◆ **Assignment**:
Among the entries below, only the lines starting at the one with "The Quicksilver 2025" and ending at the one with "2024年3月22日,中国高", both included, are to be printed exactly.

◆ **Data supplied**:

=======

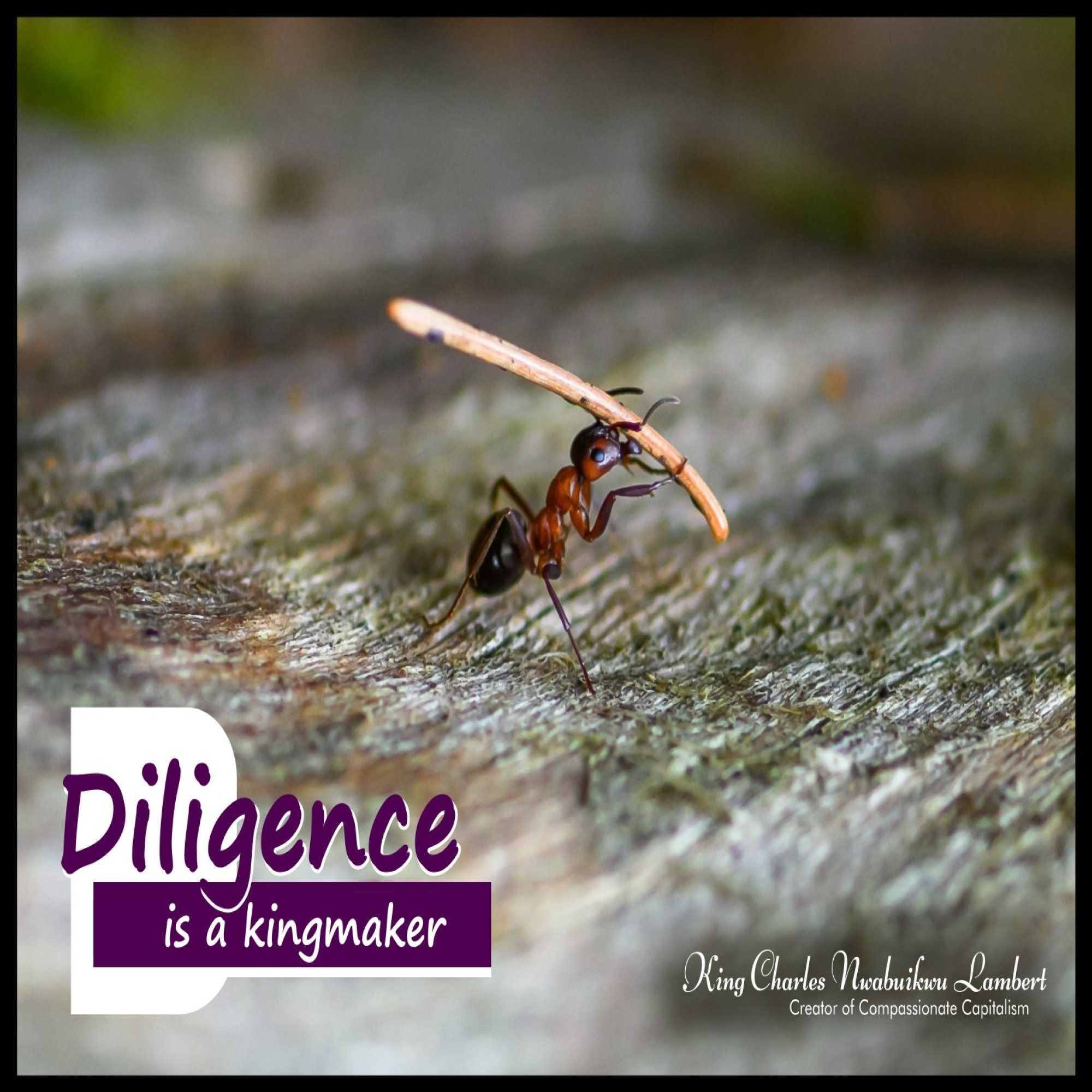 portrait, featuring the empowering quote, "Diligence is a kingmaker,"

=======

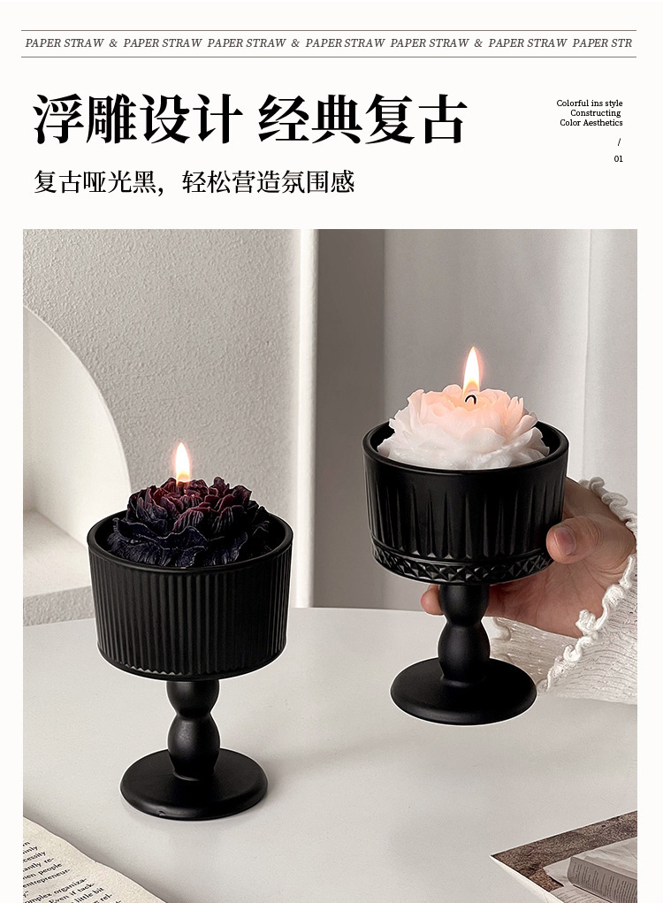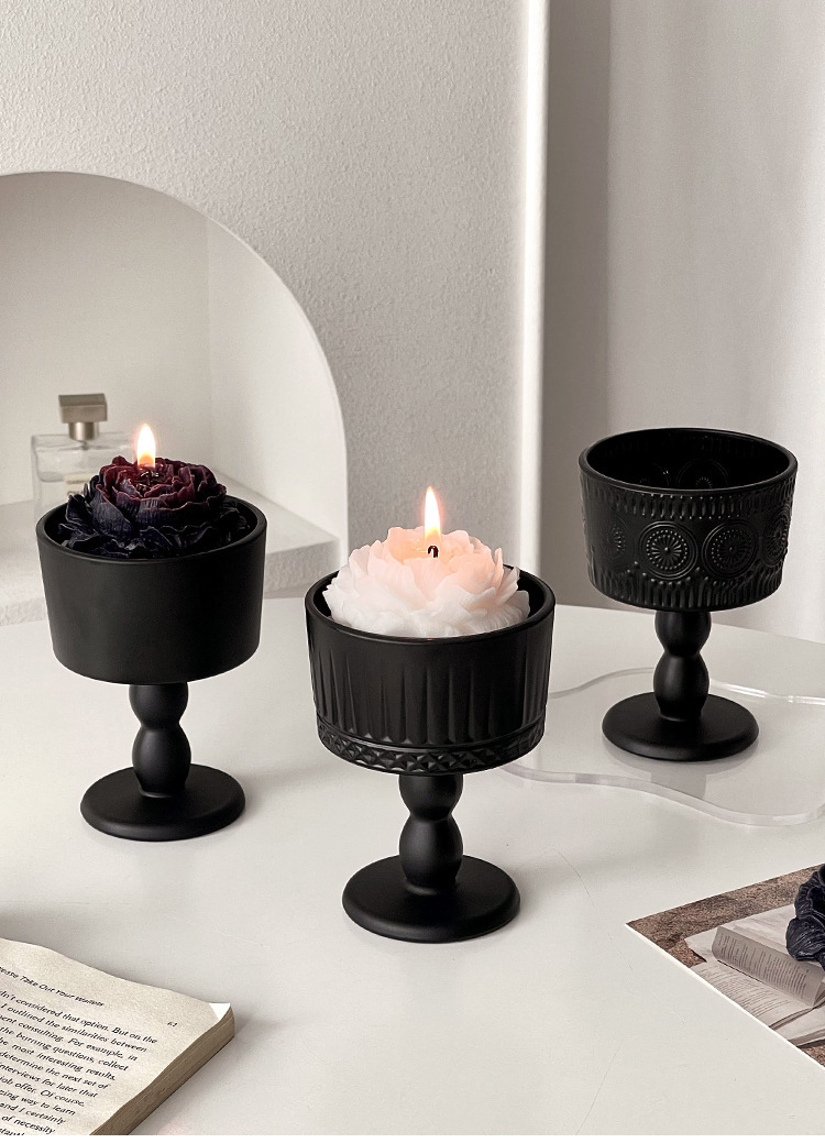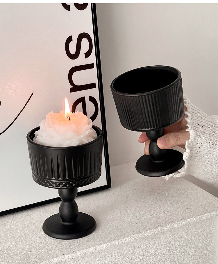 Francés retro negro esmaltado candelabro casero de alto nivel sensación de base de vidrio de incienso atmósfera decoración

=======

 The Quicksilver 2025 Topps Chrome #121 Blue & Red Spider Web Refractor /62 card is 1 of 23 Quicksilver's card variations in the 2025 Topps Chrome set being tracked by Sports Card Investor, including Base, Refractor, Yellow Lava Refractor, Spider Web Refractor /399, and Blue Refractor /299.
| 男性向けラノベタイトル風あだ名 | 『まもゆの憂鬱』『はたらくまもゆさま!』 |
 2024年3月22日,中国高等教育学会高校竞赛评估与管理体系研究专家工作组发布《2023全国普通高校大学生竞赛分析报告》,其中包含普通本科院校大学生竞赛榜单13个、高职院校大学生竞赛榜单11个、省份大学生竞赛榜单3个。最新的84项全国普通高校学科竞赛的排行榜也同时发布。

=======

◆ **Problem solution**:
 The Quicksilver 2025 Topps Chrome #121 Blue & Red Spider Web Refractor /62 card is 1 of 23 Quicksilver's card variations in the 2025 Topps Chrome set being tracked by Sports Card Investor, including Base, Refractor, Yellow Lava Refractor, Spider Web Refractor /399, and Blue Refractor /299.
| 男性向けラノベタイトル風あだ名 | 『まもゆの憂鬱』『はたらくまもゆさま!』 |
 2024年3月22日,中国高等教育学会高校竞赛评估与管理体系研究专家工作组发布《2023全国普通高校大学生竞赛分析报告》,其中包含普通本科院校大学生竞赛榜单13个、高职院校大学生竞赛榜单11个、省份大学生竞赛榜单3个。最新的84项全国普通高校学科竞赛的排行榜也同时发布。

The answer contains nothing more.